Sec. Data Mining and Management
Volume 5 - 2022 | https://doi.org/10.3389/fdata.2022.871897
Improving Data Quality in Clinical Research Informatics Tools
- Information Science Department, University of Arkansas at Little Rock, Little Rock, AR, United States
Maintaining data quality is a fundamental requirement for any successful and long-term data management. Providing high-quality, reliable, and statistically sound data is a primary goal for clinical research informatics. In addition, effective data governance and management are essential to ensuring accurate data counts, reports, and validation. As a crucial step of the clinical research process, it is important to establish and maintain organization-wide standards for data quality management to ensure consistency across all systems designed primarily for cohort identification, allowing users to perform an enterprise-wide search on a clinical research data repository to determine the existence of a set of patients meeting certain inclusion or exclusion criteria. Some of the clinical research tools are referred to as de-identified data tools. Assessing and improving the quality of data used by clinical research informatics tools are both important and difficult tasks. For an increasing number of users who rely on information as one of their most important assets, enforcing high data quality levels represents a strategic investment to preserve the value of the data. In clinical research informatics, better data quality translates into better research results and better patient care. However, achieving high-quality data standards is a major task because of the variety of ways that errors might be introduced in a system and the difficulty of correcting them systematically. Problems with data quality tend to fall into two categories. The first category is related to inconsistency among data resources such as format, syntax, and semantic inconsistencies. The second category is related to poor ETL and data mapping processes. In this paper, we describe a real-life case study on assessing and improving the data quality at one of healthcare organizations. This paper compares between the results obtained from two de-identified data systems i2b2, and Epic Slicedicer, and discuss the data quality dimensions' specific to the clinical research informatics context, and the possible data quality issues between the de-identified systems. This work in paper aims to propose steps/rules for maintaining the data quality among different systems to help data managers, information systems teams, and informaticists at any health care organization to monitor and sustain data quality as part of their business intelligence, data governance, and data democratization processes.
Data is the building block in all research, as results are only as good as the data upon which the conclusions were formed.

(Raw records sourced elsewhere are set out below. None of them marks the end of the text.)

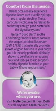 0.34 fl oz bottles of Gerber Good Start Soothe Probiotics Baby Comforting Probiotic Drops10Gerber Soothe drops contain clinically studied probiotic L. reuteri to ease colic, excessive crying and frequent spit-ups10Non GMO Gerber Soothe probiotic drops contain probiotics similar to those found in breastmilk. Product Warning: Use with adult supervision10Probiotic supplements improve good bacteria in your baby's digestive system10Gerber probiotic drops are safe from birth for healthy infants made with ingredients new moms can trust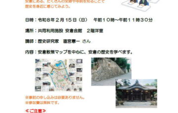 「歩き」「見て」「知る」自然と歴史がいきづくまち安倉の歴史を感じてみませんか? 安倉の歴史学習会を開催致します。 安倉にある、たくさんの史跡や寺院を知ることで歴史を身近に感じてみよう。 日時:令和8年2月15日(日)午前…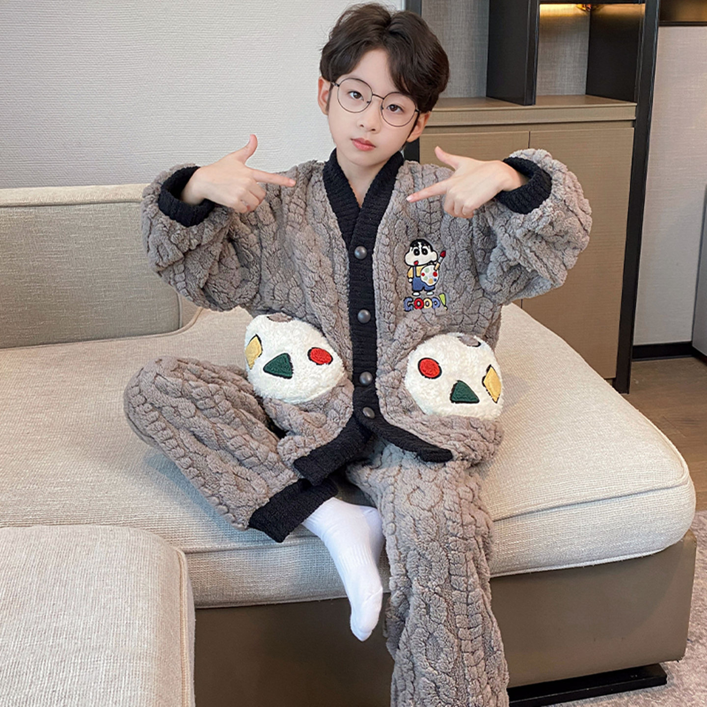 2025新款 加厚保暖中大童男孩洋气家居服 儿童珊瑚绒睡衣男童秋冬季

However, researchers may receive minimal training on how to use the de-identified data systems and methods for achieving, assessing, or controlling the quality of research data (Nahm, 2012; Zozus et al., 2019).
De-identified data systems are defined as systems/tools that allow users to drag and drop search terms from a hierarchical ontology into a Venn diagram-like interface. Investigators can perform an initial analysis on the de-identified cohort. Furthermore, de-identified data systems have no features to indicate the data quality or assist in identifying the data quality; these systems only provide counts.
Informatics is the science of how to use data, information, and knowledge to improve human health and the delivery of healthcare services (American Medical Informatics Association, 2022).
Clinical Informatics is the application of informatics and information technology to deliver healthcare services. For example, patient portals, electronic medical records (EMRs), telehealth, healthcare apps, and a variety of data reporting tools (American Medical Informatics Association, 2022).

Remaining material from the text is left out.